Here's the difference between deposit and down payment when you're ready to purchase a home.
The deposit comes before the down payment and is typically 5% of the purchase price.
It's delivered when terms are agreed upon and paperwork is signed. It's given by a buyer in good faith and to show commitment. Then it's held in trust by (most common) the listing brokerage until closing.
It's important to have access to the deposit money prior to your offer on a property as it's required 24 hours upon acceptance, unless otherwise agreed upon.
The deposit is released to the seller when the property closes. If the buyer fails to fulfil their obligations and can't close, the deposit may be forfeited.
If a buyer finds themselves in a multiple offer situation, a higher deposit may appeal to a seller.

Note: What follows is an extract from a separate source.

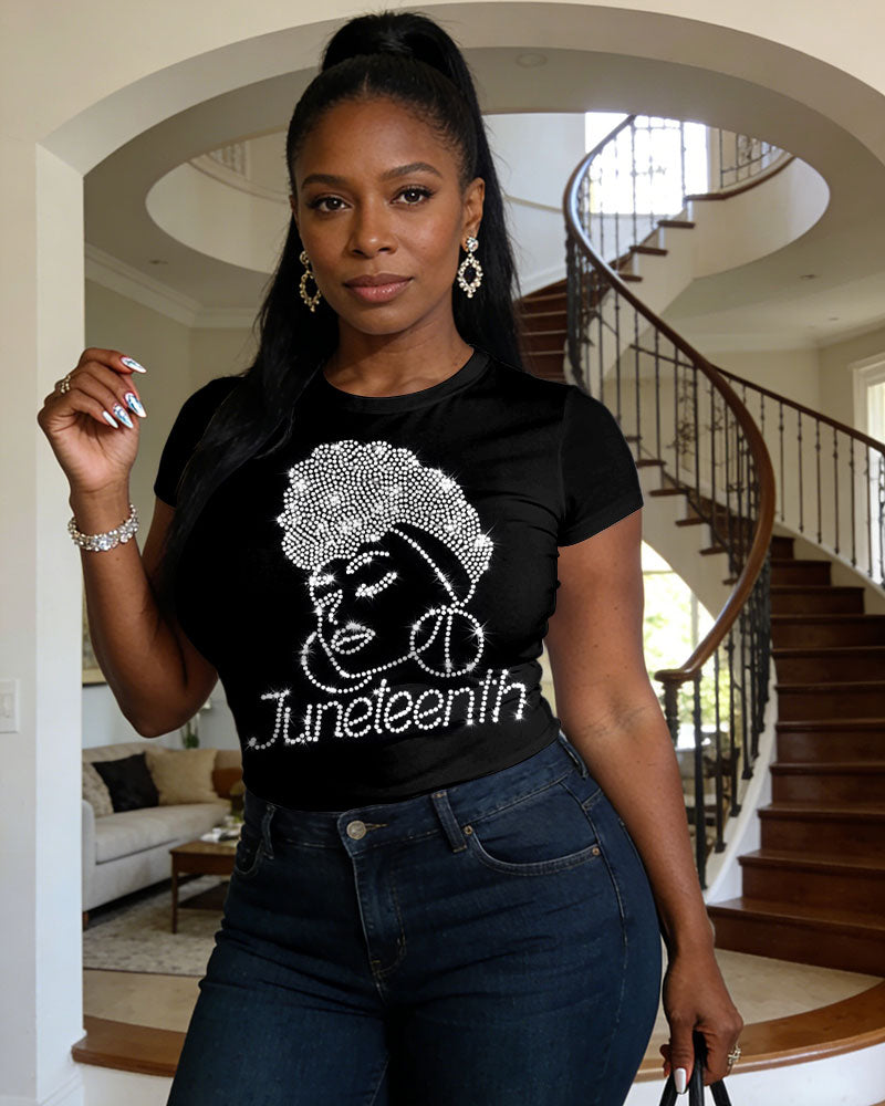 Black History Month Imitation Hot Diamond Goddess Head Pattern Slogan Pattern Printed Short Sleeve T-Shirt

A higher deposit upfront gives a buyer 'financial credibility' and the seller may trust this buyer to fulfil all obligations and close the home without issue over those who came in with a lower deposit.
Having your deposit "IN HAND" (you already picked up the cheque from the bank), will also show a buyer your commitment to the purchase.
The down payment is paid at the time of closing. This is when the ownership or title is transferred to the buyer. It is the larger sum of money contributed by the buyer towards the total cost of the property.
In Toronto, a minimum down payment is required to secure a mortgage. This depends on various factors such as the price of a home and the type of mortgage.
FIRST THINGS FIRST
The first thing you need is an understanding of your buying power. Do this by consulting with a mortgage broker or your bank.